[Start of section]
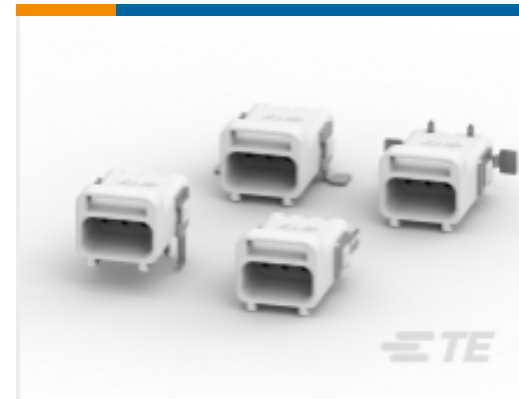
TE Part # CAT-SL36-M6642B Miniature Headers, SlimSeal
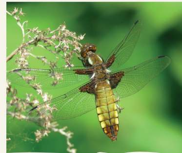
Broad bodied Chaser

Photography: Fixed points for placing your camera are dotted around the site.
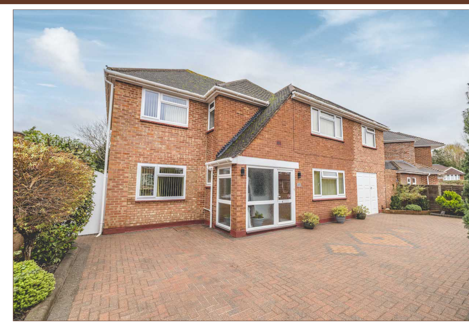
Occupying an admirable plot on this highly sought-after residential street in the Upton Court area of Langley, this four/five bedroom detached property has been expertly extended creating a commodious and adaptable living and storage space for a large family.

The property comprises two large reception rooms including a pleasant 13ft lounge to the front of the house and exceptional 23ft living room/diner overlooking the rear garden. The newly refitted kitchen features a great range of storage units and integrated appliances, whilst benefitting from a separate utility room. The ground floor also offers integral garage, additional storage room and downstairs cloakroom.
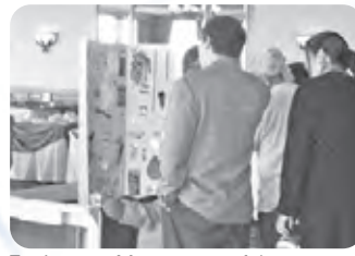
Testing your Memory, one of the games employees enjoyed at the party.
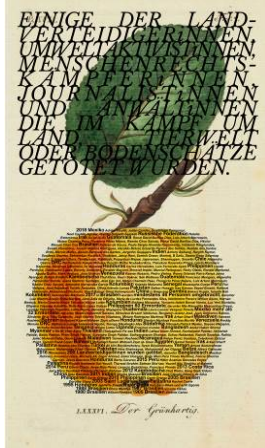
Ines Doujak from the series: Landraub , since 2018 © Ines Doujak
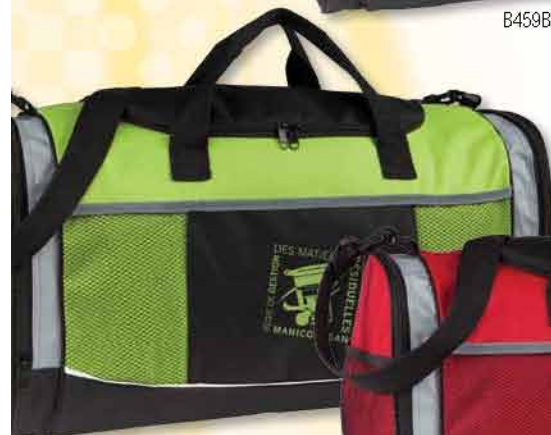
B459LG | LIME
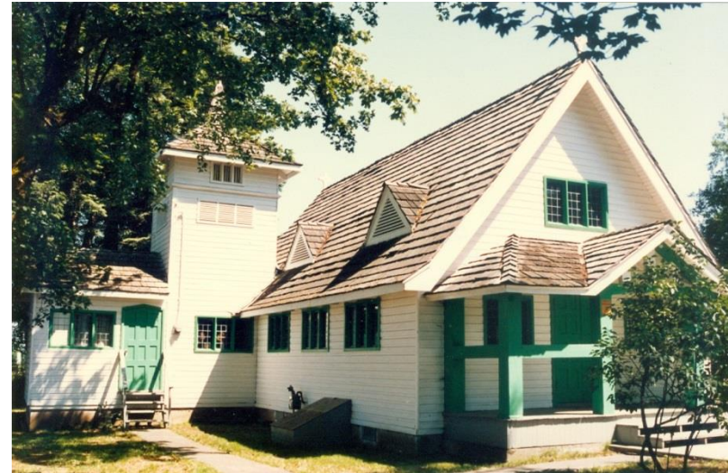
St. Oswald's, Port Kells
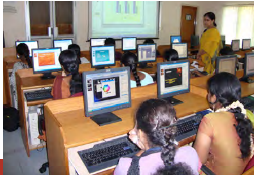
Summer Training in Basic Computer Skills
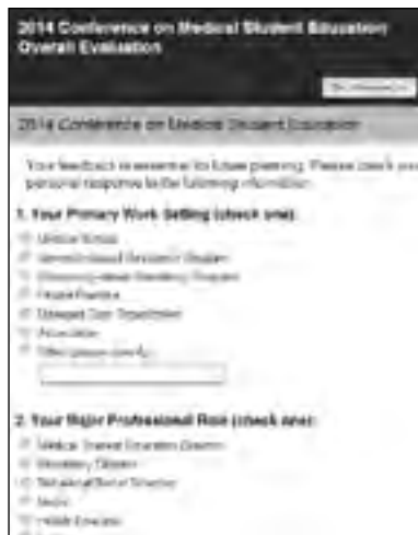
Mobile site evaluation
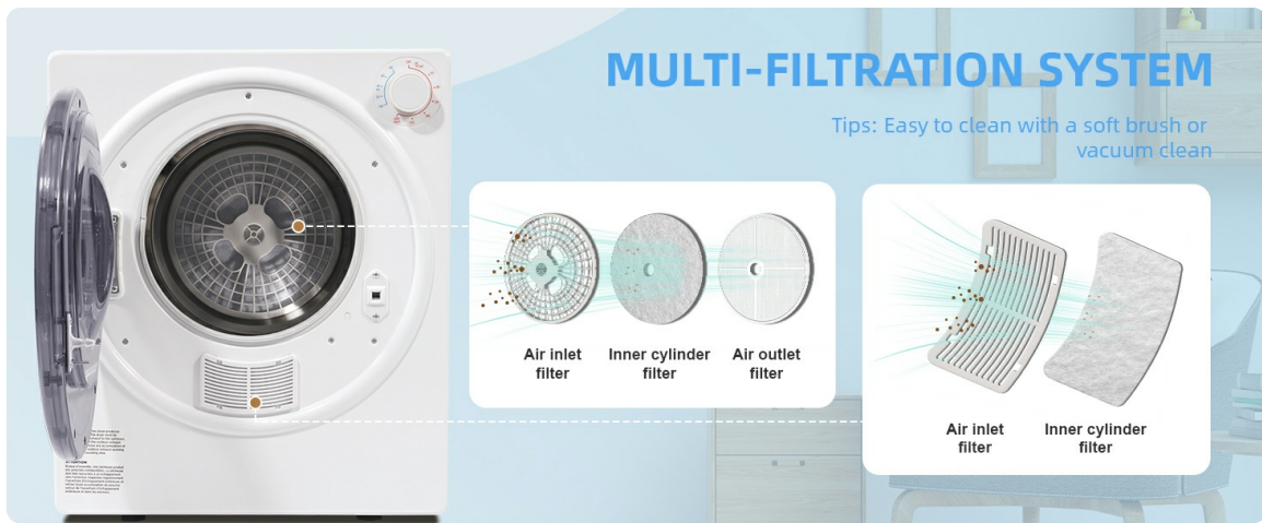
Figure 6: Illustration of the dryer's multi-filtration system and recommended cleaning method.
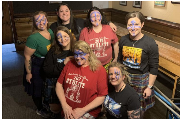
The Lady Hammerheads pose after the "Who Let the Girls Out" Fashion Show in Palmer

Yes they did! In addition to all the exciting games & competitions, the pipe & drum bands, the ceremonies, the live music, the storytelling, and the scotch tasting, to name a few. There will also be the Celtic Dance Stage! Located in Celtic Village, we plan to have lots of talented dance performers throughout the day, including highland dancers, step dancers, and clog dancers. Come be entertained, meet the performers, and maybe find out about dance lessons available in your area for yourself and/or your kids! Some of the dance groups anticipated this year include: Red Hackle Highland Dancers, Irish Dance Academy of Alaska, Midnight Sun Cloggers, Alaska Treble Makers, and Northern Lights Celtic Dancers.
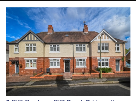
2 Cliff Gardens, Cliff Road, Bridgnorth
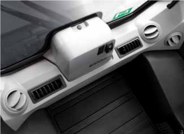
Heated cab with air conditioning
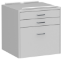
up to 24" wide
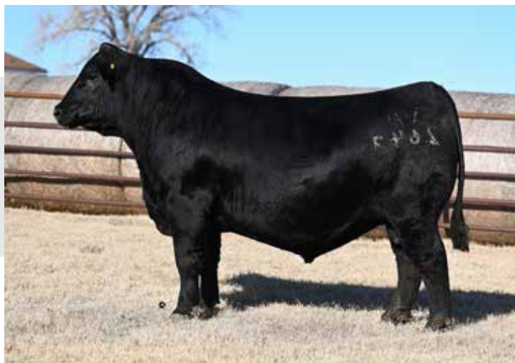
V A R Ring-of-Fire Sire of Lots 118 & 119
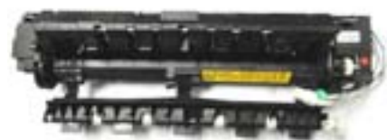
KONICA MINOLTA DI162/1611/2011 Fusing Unit ME07-007-0708
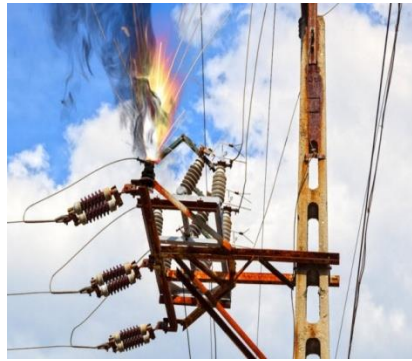
Fig. 1. Electrical faults in power systems

A short circuit can be defined as abnormal connection of very low impedance between two points of different potential . and it is also called as shunt faults.
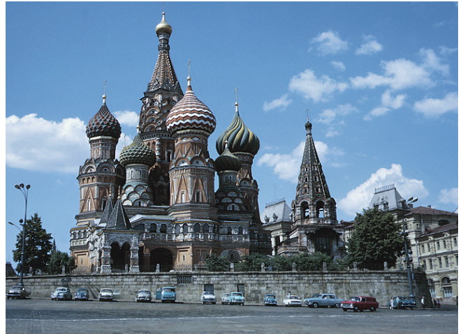
St. Basil's Cathedral
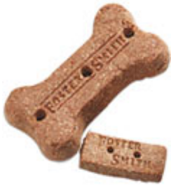
Drs. Foster & Smith Premium All-Natural Biscuits
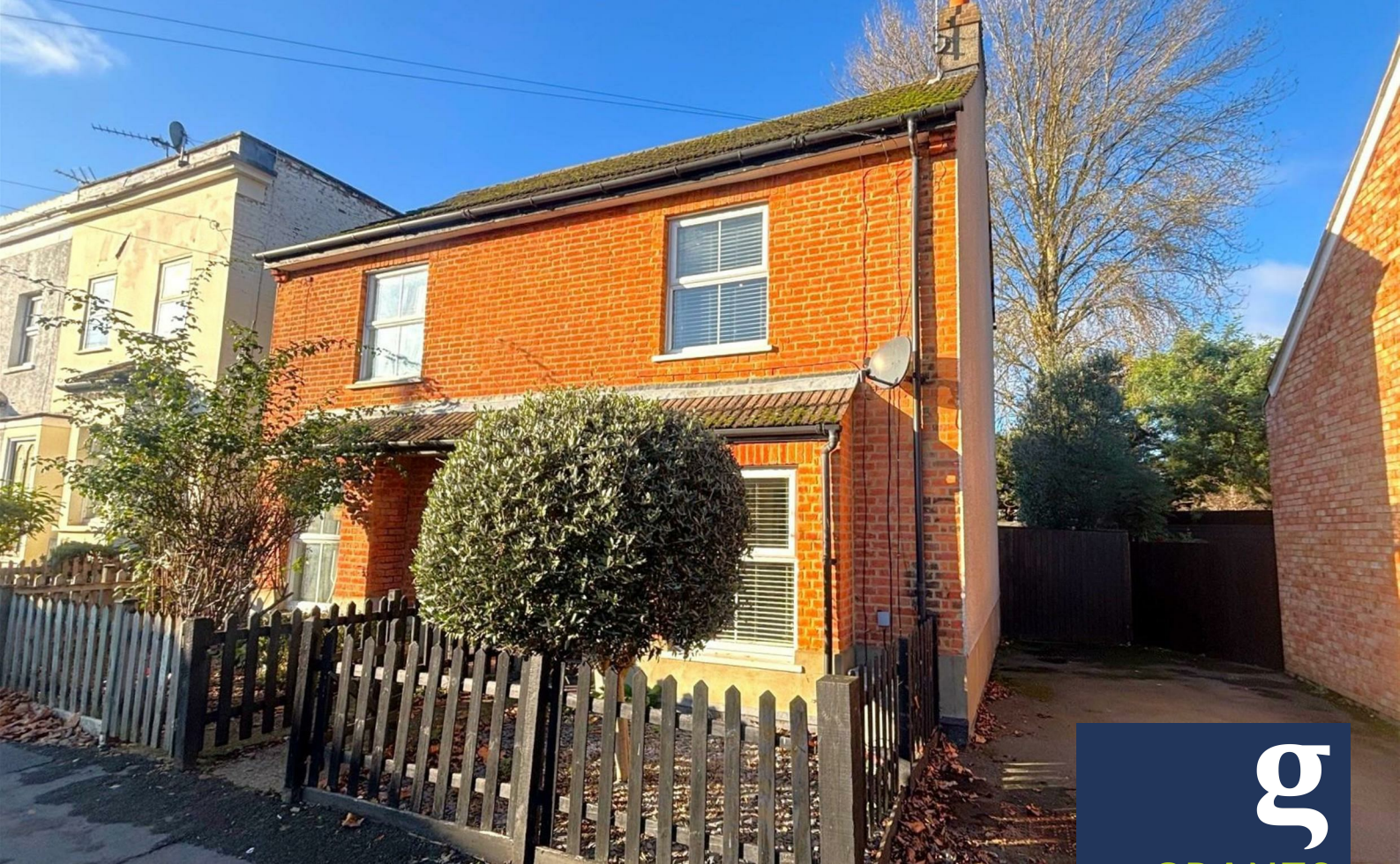
Chapel Park Road, Addlestone, KT15 1UJ
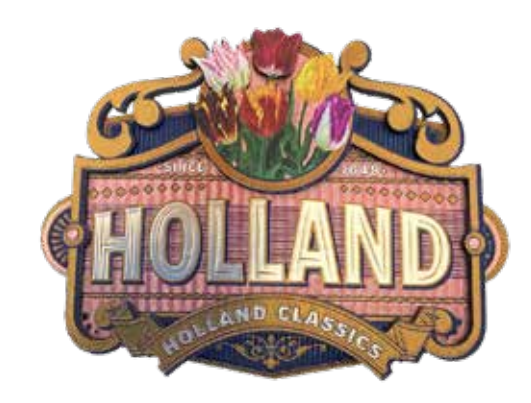
310007 Holland w/ Tulips 4" W x 3" H $2.50
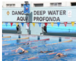
"AQUA PROFONDA" SIGN, FITZROY POOL SOHE 2008
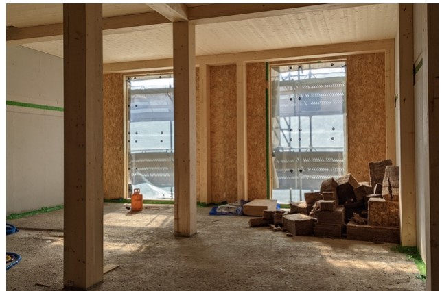
Behind it, the new wooden building is being built.
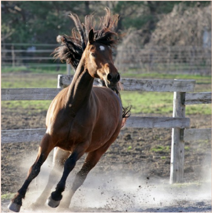
Azarah (Namaspmoos Azarah Passion) who lives in Switzerland.
[End of section]
**Exercise**
Leave the pictures out. Output exactly, and only, the lines from the one with "V A R Ring-of-Fire Sire of Lots 118 & 119" through the last line of the listing above, both included.

**Response area**
V A R Ring-of-Fire Sire of Lots 118 & 119
KONICA MINOLTA DI162/1611/2011 Fusing Unit ME07-007-0708
Fig. 1. Electrical faults in power systems

A short circuit can be defined as abnormal connection of very low impedance between two points of different potential . and it is also called as shunt faults.
St. Basil's Cathedral
Drs. Foster & Smith Premium All-Natural Biscuits
Chapel Park Road, Addlestone, KT15 1UJ
310007 Holland w/ Tulips 4" W x 3" H $2.50
"AQUA PROFONDA" SIGN, FITZROY POOL SOHE 2008
Behind it, the new wooden building is being built.
Azarah (Namaspmoos Azarah Passion) who lives in Switzerland.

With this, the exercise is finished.